Tracking an output file during execution

You can track the last few lines of file during FireWork execution. For example, you can monitor an output file to make sure the run is progressing as expected. Setting one or more such trackers is simple.

Adding a tracker (via files)

To add a tracker, set a key called _tracker in your fw_spec to be an array of objects with filename and nlines keys. Each tracker will track the desired number of final lines of a particular file. The example below has two trackers, one for inputs.txt and another for words.txt (see the _trackers section at the bottom):

name: Tracker FW
spec:
  _tasks:
  - _fw_name: Template Writer Task
    context:
      opt1: 5.0
      opt2: fast method
    output_file: inputs.txt
    template_file: simple_template.txt
  - _fw_name: Script Task
    script: wc -w < inputs.txt > words.txt
    use_shell: true
  _trackers:
  - filename: words.txt
    nlines: 50
  - filename: inputs.txt
    nlines: 50

You can see this example in <INSTALL_DIR>/fw_tutorials/tracker.

Adding a tracker (via code)

The following code example creates the FireWork above with two trackers:

from fireworks.core.firework import FireWork, Tracker
from fireworks.user_objects.firetasks.script_task import ScriptTask
from fireworks.user_objects.firetasks.templatewriter_task import TemplateWriterTask

# create the FireWork consisting of multiple tasks
firetask1 = TemplateWriterTask({'context': {'opt1': 5.0, 'opt2': 'fast method'}, 'template_file': 'simple_template.txt', 'output_file': 'inputs.txt'})
firetask2 = ScriptTask.from_str('wc -w < inputs.txt > words.txt')
# define the trackers
tracker1 = Tracker('words.txt', nlines=50)
tracker2 = Tracker('inputs.txt', nlines=50)
fw = FireWork([firetask1, firetask2], spec={"_trackers": [tracker1, tracker2]})

fw.to_file('fw_tracker.yaml')

Viewing the tracked file

You can view the tracked files for a FireWork (during or after execution) with the command:

lpad track_fws -i <FW_ID>

which will print out data like:

# FW id: 1
## Launch id: 1
### Filename: words.txt
       7
### Filename: inputs.txt
option1 = 5.0
option2 = fast method

Besides for the <FW_ID>, there are additional options for specifying the FireWork(s) that you want to get the tracked data for. Type lpad track_fws -h to see all the options.
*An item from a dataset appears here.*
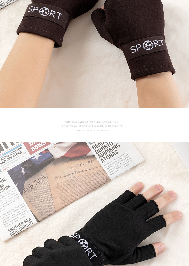 徳絨毛半指保温手袋男女秋冬学生が字を書くと、指を厚くしてタッチパネル手袋の半袖カバーの腕を厚くします。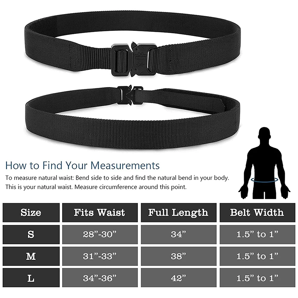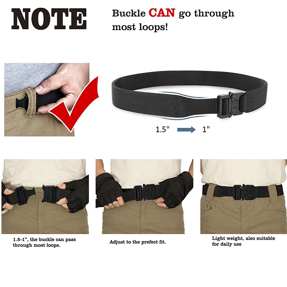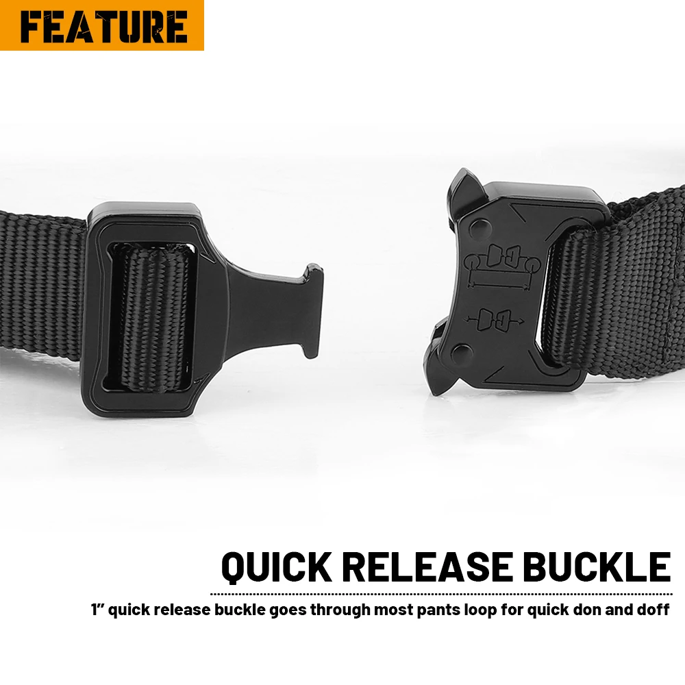2. La brinda una hebilla de metal de liberación rápida capacidad de sujeción/separación conveniente e instantánea, el tamaño de la hebilla se ajusta a través de los lazos del cinturón/pantalón.

Within the codebase, you can use the function get_tracker_data(fw_id) of the LaunchPad object to get the tracker data as a dict.

Frequency of monitoring

The output file is monitored for changes at every update ping interval, as well as at the beginning and completion of execution. By default, the ping interval is set to be every hour; this is to avoid overloading the database with pings if tens of thousands of runs are happening simultaneously. You can change the ping interval (PING_TIME_SECS) in the FW config.

A note about nlines

The tracker is meant to give basic debug information about a job, not to permanently store output files. In addition, there is a limit of 1000 lines to keep the Mongo document size reasonable. We suggest you leave nlines to be about 50 lines or so.